Cascades Region

TL;DR

Cascades Region's Comoé waterfalls anchor tourism while cotton and cashew exports flow to Côte d'Ivoire across borders now complicated by ECOWAS withdrawal.

region in Burkina Faso

Cascades Region occupies Burkina Faso's southwestern corner, named for the waterfalls of the Comoé River that distinguish it from the country's dominant savanna flatness. This border region with Côte d'Ivoire has historically served as agricultural extension of the Ivorian economy—cotton, cashews, and mangoes flowing south toward Abidjan's port.
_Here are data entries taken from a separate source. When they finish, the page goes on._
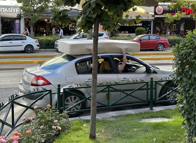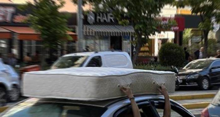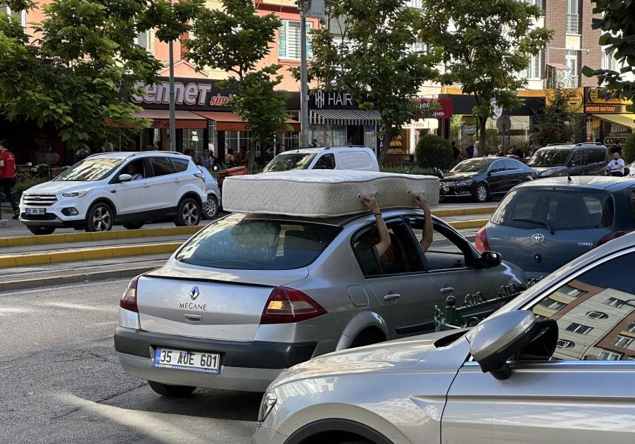 Otomobile sığmayan yatağı elleriyle taşımakta zorlanan gençler, çareyi arabanın tavanında buldu. Yatağı arabanın tavanına koyan ve ellerini camdan çıkararak yatağı tutan öğrencileri görenler şaşkınlığını gizleyemedi.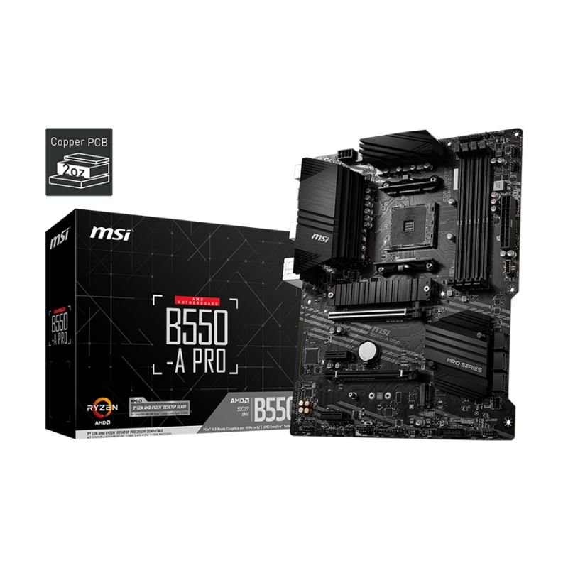 MSI Main Board Desktop B550-A PRO (AM4, 4xDDR4, 1xPCI-Ex16, 2xPCI-Ex1, USB3.2, 6xSATA III,2xM.2, DP, HDMI)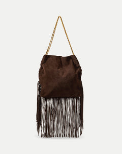 Crafted from premium Italian suede in dark brown, the aptly named Slouch is defined by its soft silhouette and subtle gathering at the sides. Now updated with dramatic fringe, it brings a bohemian edge to a classic shape. The spacious interior includes generous pockets and a zip compartment, while the gold chain-link strap—interlaced with black leather—adds a glamorous edge. A cool classic for years to come.
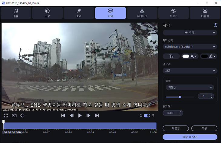 자막을 넣는것도 가능한데요. 자막파일을 불러와서 넣는게 가능하네요. 이정도면 간단하게 영상을 찍어서 잘라서 편집하고 자막넣고 하나의 파일로 만드는게 가능하네요.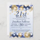 Une invitation à la fête du 21e anniversaire. Le design comprend des ballons bleu marine et or, des étoiles de gloire or et du texte bleu marine sur un arrière - plan bleu pâle dégradé. Un joli design invitant vos invités à se joindre à vous pour une fête du 21e anniversaire. Facile à customiser avec les détails de votre propre fête.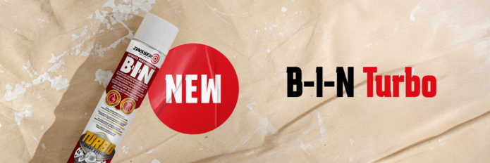 And that is not all. Clean-up is just as quick. There is no need to rinse out paint trays, brushes or rollers — simply cleaning the valve is enough. To do this, turn the can upside down and press the spray nozzle for a few seconds until no more paint comes out. In short, B-I-N Turbo saves you time, a lot of time.
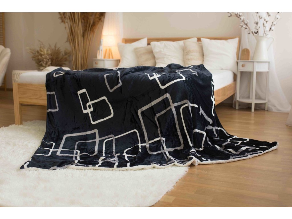 Deka s beránkem mikroplyš 150x200 - Čtverce černobílé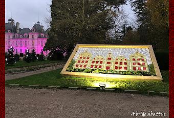 Revenons en plein jour. Une fois la grille d’entrée franchie on découvre la maquette du château qui, après les courges d’Hallowwen est composée de boules de Noël qui scintillent la nuit.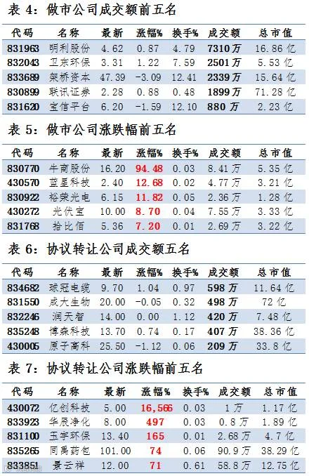 牛商股份、蓝星科技、裕荣光电涨幅居前,分别为94.48%、12.68%和11.82%。相比之下,瀚远科技、众引传播、尔格科技跌幅居前,分别为54.61%、23.10%和12.79%。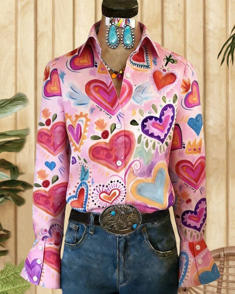 Pretty button-up blouse with heart print and trumpet sleeves, perfect for feminine daily wear.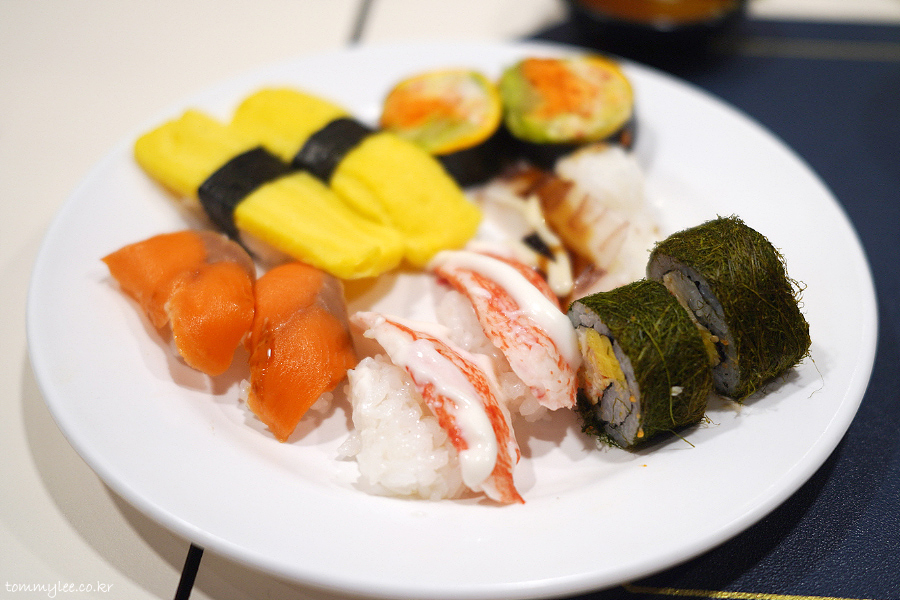 스시 모리아와세.. 대게살초밥, 연어초밥, 계란초밥, 치즈롤, 오징어초밥, 감태롤의 구성인 것 같네요..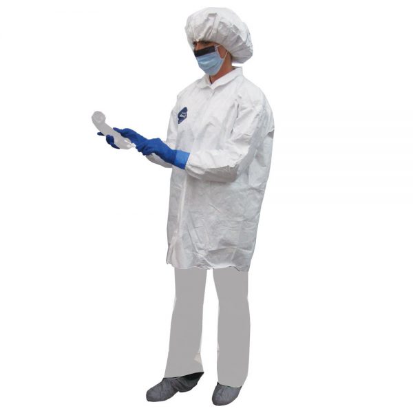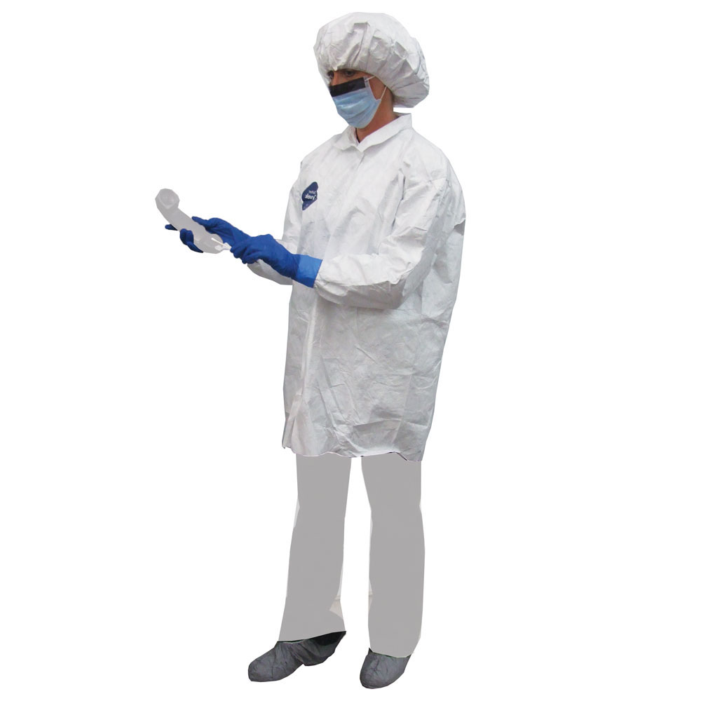 This protection kit is intended for evidence collection at the crime scene, lab, or office. Each kit includes Tyvek Lab Coat, Mask w/ Eye Shield, Hair Cover, Shoe Covers, two pair Extended Cuff Nitrile Gloves, two antimicrobial towelettes, and a biohazard trash bag, all packaged in a plastic bag.

The Banfora waterfalls and domes of Fabedougou represent rare tourist attractions in a country largely bypassed by international visitors.

Cotton production anchors the formal economy. The region ranks second only to Hauts-Bassins in cotton cultivation, benefiting from higher rainfall than northern zones. Sugarcane cultivation near Banfora feeds a processing facility that produces for domestic consumption. Cashew and mango orchards provide export crops with longer growing cycles than annual cotton.

Relative security compared to eastern and northern regions has attracted internal migrants, though periodic cross-border incidents with Ivorian armed groups create uncertainty. The January 2025 ECOWAS withdrawal complicates the traditionally fluid cross-border trade with Côte d'Ivoire. Whether Cascades can maintain its agricultural export orientation—or whether security deterioration eventually reaches the southwest—shapes regional prospects.